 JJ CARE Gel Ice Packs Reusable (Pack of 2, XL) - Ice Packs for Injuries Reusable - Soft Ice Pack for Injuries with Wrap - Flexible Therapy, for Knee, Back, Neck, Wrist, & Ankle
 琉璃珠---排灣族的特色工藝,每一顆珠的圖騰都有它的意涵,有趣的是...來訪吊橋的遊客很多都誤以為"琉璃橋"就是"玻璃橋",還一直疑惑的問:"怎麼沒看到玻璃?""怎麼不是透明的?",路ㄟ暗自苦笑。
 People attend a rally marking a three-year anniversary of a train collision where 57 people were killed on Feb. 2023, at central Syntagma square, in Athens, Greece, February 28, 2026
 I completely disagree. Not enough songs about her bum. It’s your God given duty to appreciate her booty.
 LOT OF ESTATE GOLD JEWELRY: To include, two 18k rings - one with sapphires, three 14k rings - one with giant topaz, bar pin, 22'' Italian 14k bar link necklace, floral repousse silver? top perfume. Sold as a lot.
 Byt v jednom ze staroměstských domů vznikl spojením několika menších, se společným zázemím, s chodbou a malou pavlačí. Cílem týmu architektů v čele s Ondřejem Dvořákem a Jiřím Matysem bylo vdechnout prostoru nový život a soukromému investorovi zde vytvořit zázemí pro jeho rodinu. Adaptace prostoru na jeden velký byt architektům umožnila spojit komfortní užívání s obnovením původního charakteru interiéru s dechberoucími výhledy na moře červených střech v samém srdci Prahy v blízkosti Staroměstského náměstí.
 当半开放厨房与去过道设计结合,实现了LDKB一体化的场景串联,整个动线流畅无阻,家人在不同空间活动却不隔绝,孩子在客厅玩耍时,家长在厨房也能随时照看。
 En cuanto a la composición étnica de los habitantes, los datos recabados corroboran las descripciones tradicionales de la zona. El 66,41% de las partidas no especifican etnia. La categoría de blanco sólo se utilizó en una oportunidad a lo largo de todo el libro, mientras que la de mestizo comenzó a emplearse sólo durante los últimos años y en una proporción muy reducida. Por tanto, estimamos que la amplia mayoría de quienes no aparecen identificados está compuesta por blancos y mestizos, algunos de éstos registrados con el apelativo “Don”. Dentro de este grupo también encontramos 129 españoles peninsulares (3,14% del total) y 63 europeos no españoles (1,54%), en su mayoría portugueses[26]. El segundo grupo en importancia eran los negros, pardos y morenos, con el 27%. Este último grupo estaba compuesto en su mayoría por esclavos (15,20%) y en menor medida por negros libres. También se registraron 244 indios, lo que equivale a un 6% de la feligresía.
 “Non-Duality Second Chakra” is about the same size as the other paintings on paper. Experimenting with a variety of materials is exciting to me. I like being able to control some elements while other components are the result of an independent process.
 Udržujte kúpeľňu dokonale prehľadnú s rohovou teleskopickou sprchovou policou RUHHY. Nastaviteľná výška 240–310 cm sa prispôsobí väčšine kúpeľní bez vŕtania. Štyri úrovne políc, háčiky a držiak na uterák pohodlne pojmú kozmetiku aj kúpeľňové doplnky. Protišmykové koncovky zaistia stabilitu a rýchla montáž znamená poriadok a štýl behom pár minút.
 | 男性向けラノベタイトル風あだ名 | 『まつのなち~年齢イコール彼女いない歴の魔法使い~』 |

##############################

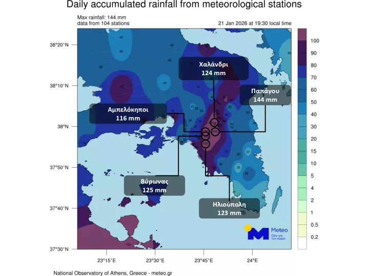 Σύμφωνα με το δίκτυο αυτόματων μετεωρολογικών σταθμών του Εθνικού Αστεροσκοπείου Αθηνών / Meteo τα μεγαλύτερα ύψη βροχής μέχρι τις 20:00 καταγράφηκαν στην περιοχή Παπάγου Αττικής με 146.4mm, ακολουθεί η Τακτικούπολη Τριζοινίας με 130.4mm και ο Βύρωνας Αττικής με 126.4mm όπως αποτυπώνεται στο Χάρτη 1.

##############################

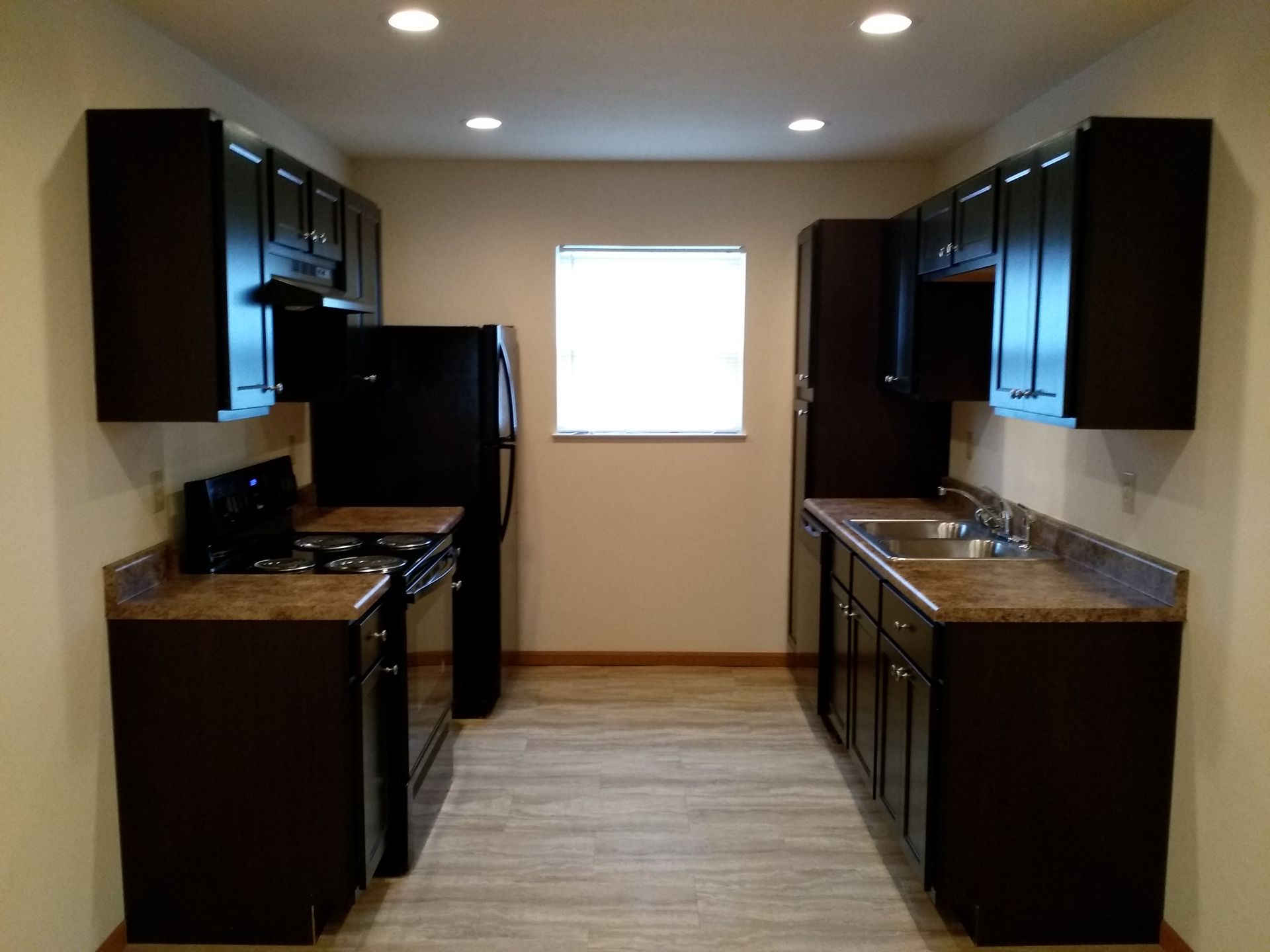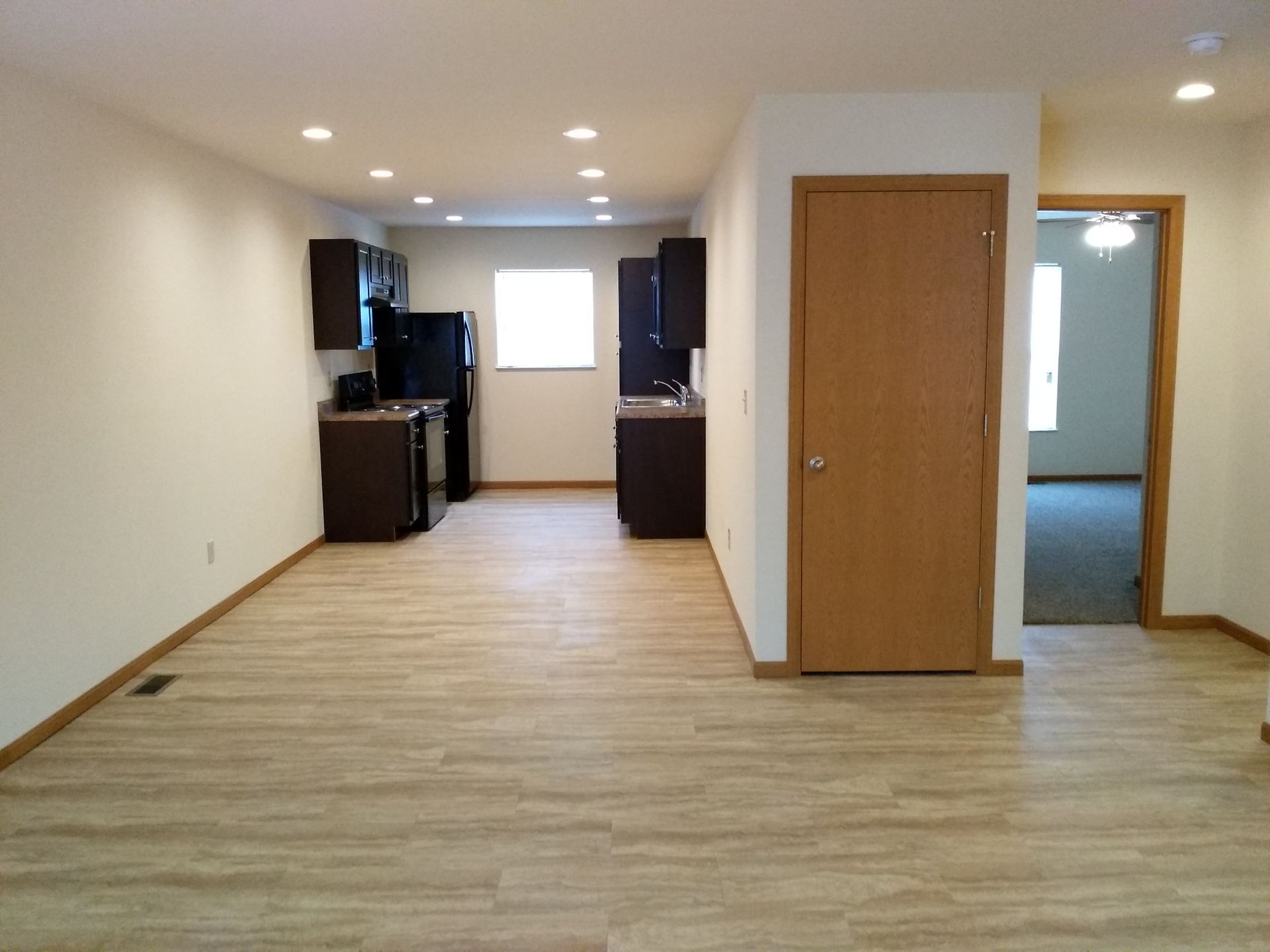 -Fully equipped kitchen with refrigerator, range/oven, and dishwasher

##############################

* **Your objective**: Which lines above run from the one containing "当半开放厨房与去过道设计结合" to the one containing "an independent process."? Give them again exactly, both ends included.

* **Written reply**:
 当半开放厨房与去过道设计结合,实现了LDKB一体化的场景串联,整个动线流畅无阻,家人在不同空间活动却不隔绝,孩子在客厅玩耍时,家长在厨房也能随时照看。
 En cuanto a la composición étnica de los habitantes, los datos recabados corroboran las descripciones tradicionales de la zona. El 66,41% de las partidas no especifican etnia. La categoría de blanco sólo se utilizó en una oportunidad a lo largo de todo el libro, mientras que la de mestizo comenzó a emplearse sólo durante los últimos años y en una proporción muy reducida. Por tanto, estimamos que la amplia mayoría de quienes no aparecen identificados está compuesta por blancos y mestizos, algunos de éstos registrados con el apelativo “Don”. Dentro de este grupo también encontramos 129 españoles peninsulares (3,14% del total) y 63 europeos no españoles (1,54%), en su mayoría portugueses[26]. El segundo grupo en importancia eran los negros, pardos y morenos, con el 27%. Este último grupo estaba compuesto en su mayoría por esclavos (15,20%) y en menor medida por negros libres. También se registraron 244 indios, lo que equivale a un 6% de la feligresía.
 “Non-Duality Second Chakra” is about the same size as the other paintings on paper. Experimenting with a variety of materials is exciting to me. I like being able to control some elements while other components are the result of an independent process.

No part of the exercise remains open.